I do understand that it has needled you. Don't rise any further. I imagine he'll back off now anyway. Sorry you've been so upset by it. Let him go and play this silly game elsewhere.

CoffeeBeanie · 26/02/2015 19:25

I agree with rita.

Husband99 · 26/02/2015 19:27

Good advice. I am really frustrated. I found his response utterly arrogant in truth: 'I will try and help you out'...I just couldn't believe him writing that.

OP posts:
magoria · 26/02/2015 19:29

He does this because she allows him to.

Your wife is the one who should be telling him it is inappropriate and to stop. If she doesn't then every time you go texting him he will just be laughing at you and carrying on as she allows him.

rootypig · 26/02/2015 19:31

Sorry if I implied it was Boney.
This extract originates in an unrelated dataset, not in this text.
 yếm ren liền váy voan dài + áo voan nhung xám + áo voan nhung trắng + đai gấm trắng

I don't think anything is OP's fault. (Though I am pretty robust about men being territorial and behaving as though they have ownership. Why talk to another man, who you barely know, when your relationship is with your wife?)
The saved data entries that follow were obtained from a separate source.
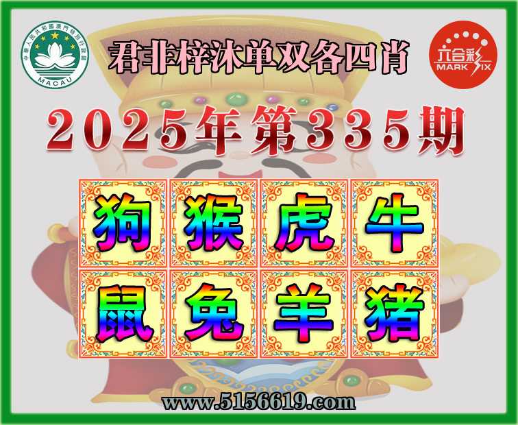 335期:【君非梓沐】 🏆单双各四肖🏆开:狗44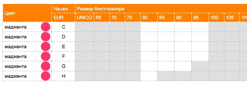 | Цвет | Чашка | Размер бюстгальтера | |||||||||||||
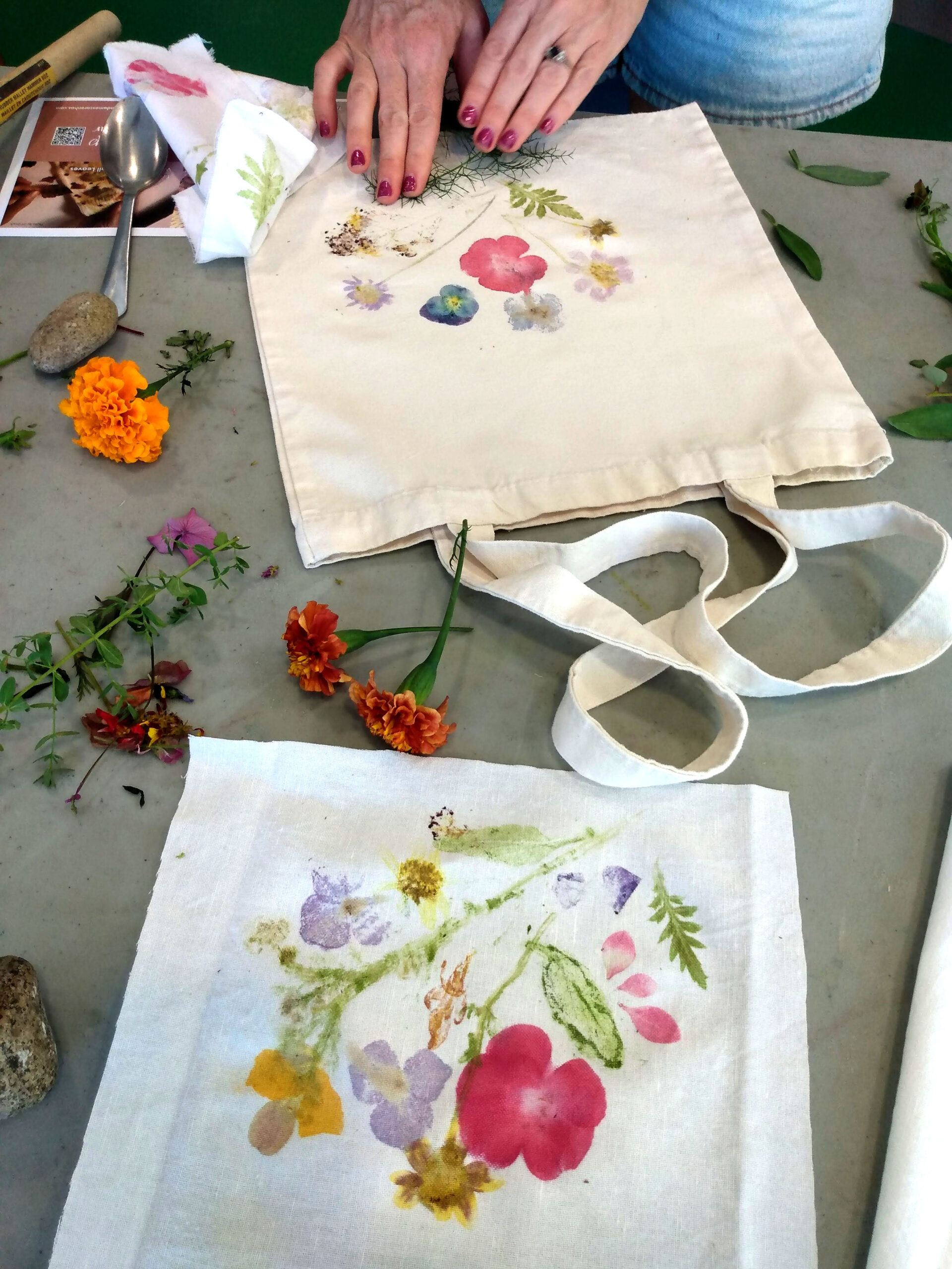Passo 4 - Retirando as plantas com o tecido já tingido em tons de rosa e amrelo pela impressão botânica

I simply think if OP wants to have a healthy, happy marriage, then he should focus on the relationship. I talked about the wife's low confidence because that was mentioned. OP, your low confidence is of course just as deserving of attention.

My aunt, a therapist, told me once that in a couple there are three things - each person, and the relationship between them. Each needs to be treated. I've found that an oddly helpful idea over the years. And that's where my advice comes from. Focus on the relationship, and on both of you - not this other person. He might be an arse, it certainly seems that way, but that just doesn't matter, because you aint married to him.

Husband99 · 26/02/2015 19:33

rootypig: He might be an arse, it certainly seems that way, but that just doesn't matter, because you aint married to him.

Love this- thank you. I agree. This is not root cause, but it isn't helping.

OP posts:
rootypig · 26/02/2015 19:34

Cross posts.

Right. But he knows fuck all about your marriage - noone does except you and your wife, and based on my grand life experience, both of you are probably pretty in the dark as well! Smile

Email him a thank you, and then forget him. rita probably has him nailed. He definitely enjoys the passive aggressive competition with other men, his reply demonstrated that. Don't give him the bloody satisfaction. (Though as I keep saying, you really should be more interested in your wife, than him....)

This whole episode sounds like early(ish) warning that your communication, love and support for each other is misfiring and I think you would benefit so much from the help of a therapist.

rootypig · 26/02/2015 19:34

Cross posts again! Smile

rita68 · 26/02/2015 19:36

His response is arrogant, yes. As rooty says, he certainly does seem to be an arse! Rise above it. He sounds revolting. Let some time pass (days, weeks) and his arrogance will face to insignificance.

rita68 · 26/02/2015 19:37

Fade, not face! Sorry.

rootypig · 26/02/2015 19:40

Good luck OP. You sound like a lovely, thoughtful man. This relationship lark is difficult, isn't it? I hope you and your wife find a way to reconnect.

Fairenuff · 26/02/2015 19:44

This is why there is no point trying to confront the other person. Your wife is the one that you should be talking to.

OP I think this is inappropriate. It's ok to tell your dw that you are not happy with this kind of 'relationship'.

It's not that you are telling her not to be friends with someone, more that you are asking her to do what she thinks is best about something that makes you feel uncomfortable.

PrimalLass · 26/02/2015 19:46

I have male uni friends who I would probably say silly flurry things to. Means nothing. Zero. It depends on the context.

PrimalLass · 26/02/2015 19:46

*flirty

GalindawithaGa · 26/02/2015 19:58

I think the other guy has been pretty restrained in his response! I know if I had a close, loving friendship with someone for many years and all of a sudden their partner stepped in to 'mark his territory' I would be livid, not to mention worried for my friend that they were married to a controlling, uncommunicative arse.

mildlyacquiescent · 26/02/2015 20:02

Vivacia, you are right!

Marvellous that these men have nothing better to do mid-afternoon than type unnatural psycho-babble-filled emails in exactly the same style.